UNITED STATES DISTRICT COURT SOUTHERN DISTRICT OF CALIFORNIA
Apr 27, 2020
Case No.: 18CV2845-LAB (JLB) (S.D. Cal. Apr. 27, 2020)

Opinion

Case No.: 18CV2845-LAB (JLB)

04-27-2020

ANTON EWING, Plaintiff, v. LEADEXCEL, INC., et al., Defendants.


ORDER IMPOSING SANCTIONS

On December 10, 2019, the Court issued an order staying the case in its entirety pending the outcome of Defendant Ron Taylor's bankruptcy proceedings. Ewing was ordered to monitor the docket of those proceedings and to file a notice within 60 days of the date the bankruptcy proceedings concluded.
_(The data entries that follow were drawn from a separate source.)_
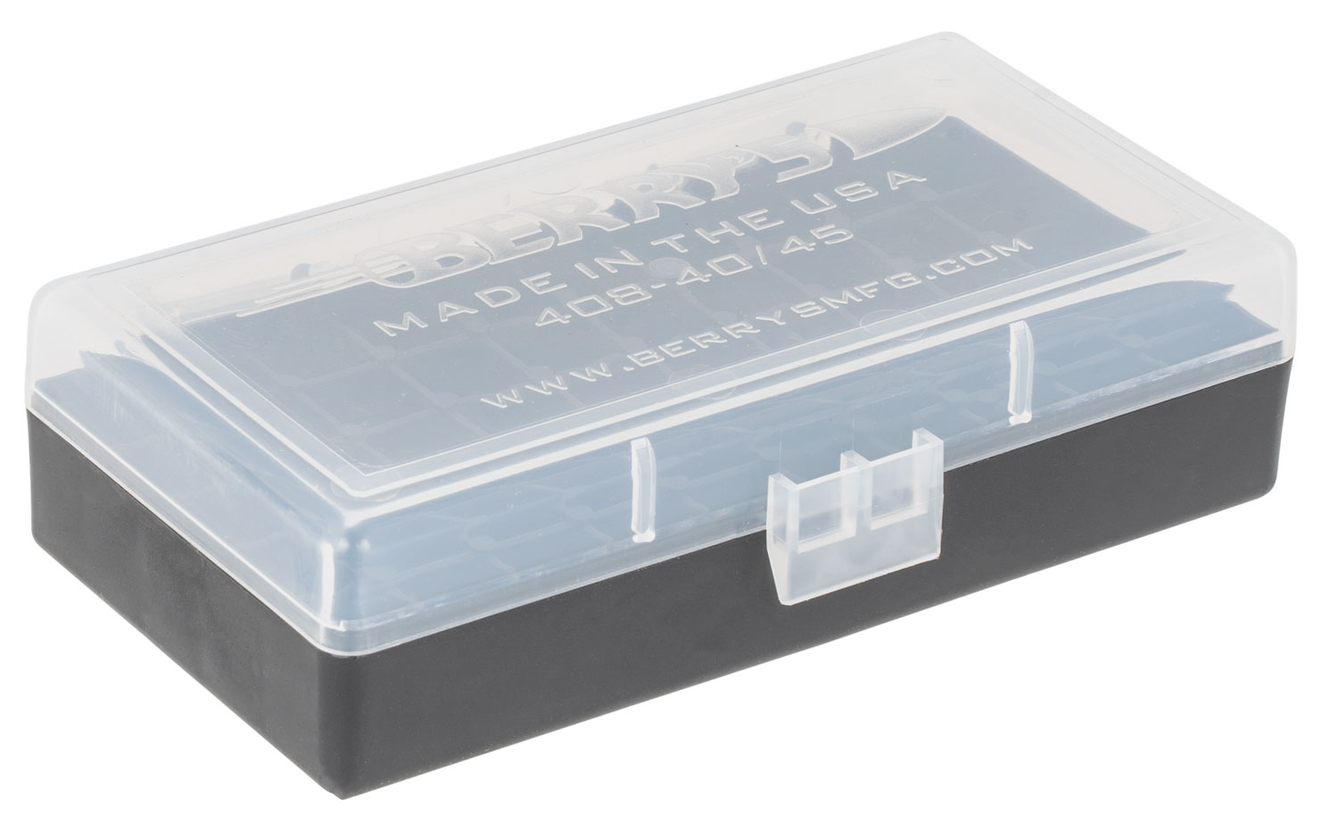 Made in the USA, Berry's 408 50 round box is made from high impact polypropylene for increased strength against cracking, chipping, warping, expansion, or contraction. The box is stack able and features a stronger, flip-top design, allowing the securing of ammo storage with easy one-handed operation.
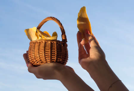 dried mango in a wicker basket in the hands of a girl against the sky.
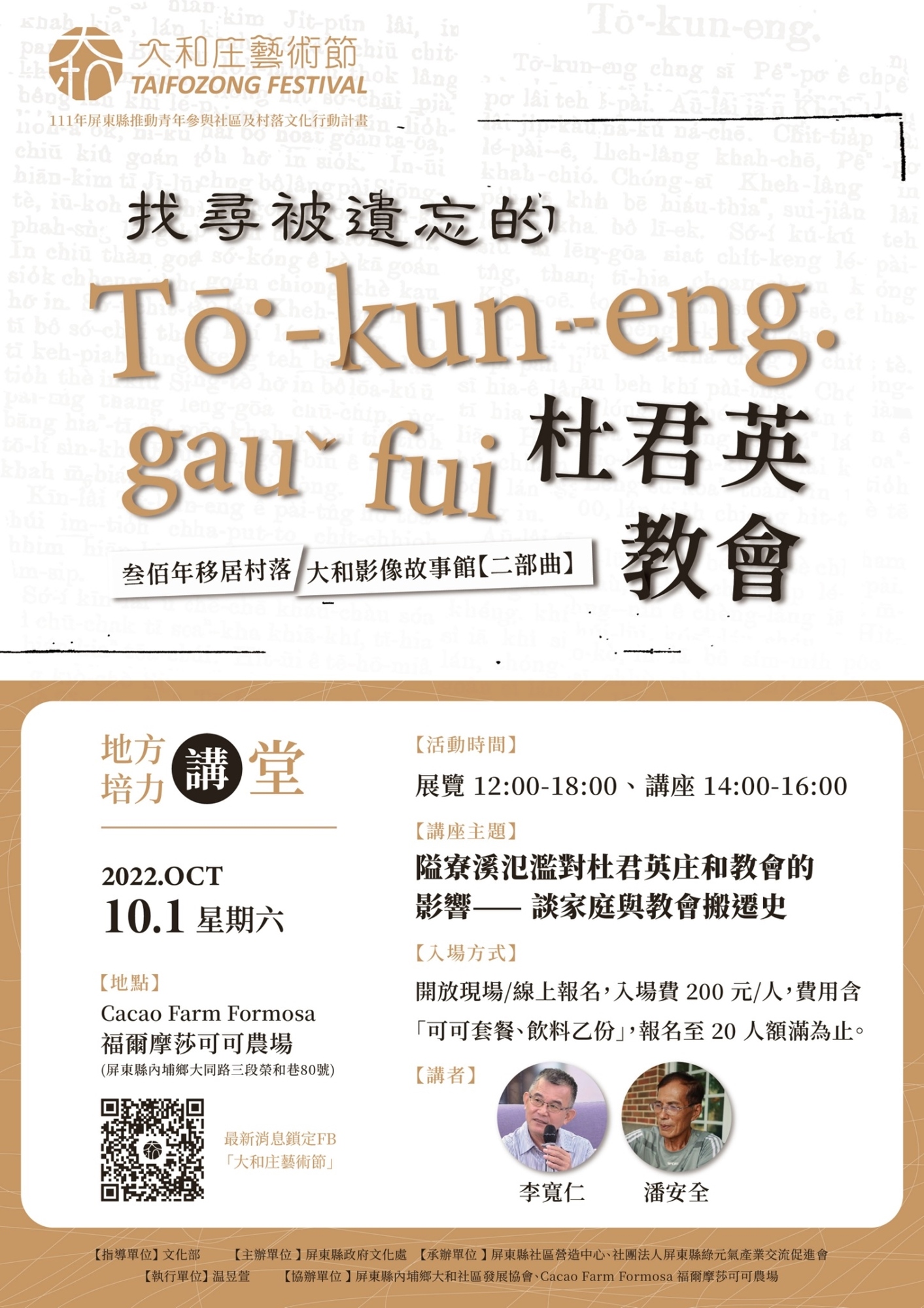 協辦單位 : 屏東縣內埔鄉大和社區發展協會、Cacao Farm Formosa 福爾摩莎可可農場

On February 7, Plaintiff Anton Ewing filed an ex parte motion or request for judicial notice, in which he asked the Court to take notice of a criminal indictment against Taylor. Because the indictment accused Taylor of crimes involving cell phones, Ewing argued that was relevant to his liability in this case.

The Court struck Ewing's improper request and ordered him to show cause why he should not be sanctioned both for violating the Court's stay order, and under Fed. R. Civ. P. 11(b)(1) for filing his ex parte request for an improper purpose, namely to harass and impose costs on Taylor by requiring him to respond in haste to an embarrassing filing. Ewing filed a response which did not address either of these concerns. Furthermore, his response perpetuated the violations, by attempting to advance his case against Taylor. Specifically, the response argued that Ewing's claim was more plausible in light of the indictment, and that it supported Ewing's claims for treble damages. The Court struck this response and ordered Ewing to file a response that complied with its order. He has now filed his second response. (Docket no. 57.)

Ewing's Response focuses on the standard for judicial notice, and insists that because Fed. R. Evid. 201 authorizes a party to seek judicial notice, he was justified in doing so here. He also argues that a non-noticed request for judicial notice does not amount to an ex parte request. Even if this were true, the terminology does not change the nature of what Ewing did. He argues he did not file his request for an improper purpose, though he fails to identify any proper purpose at all. He also claims he thought the word "stay" meant only that he could not take nine particular enumerated actions, and that he was free to file any other documents or to take other steps to advance his claims.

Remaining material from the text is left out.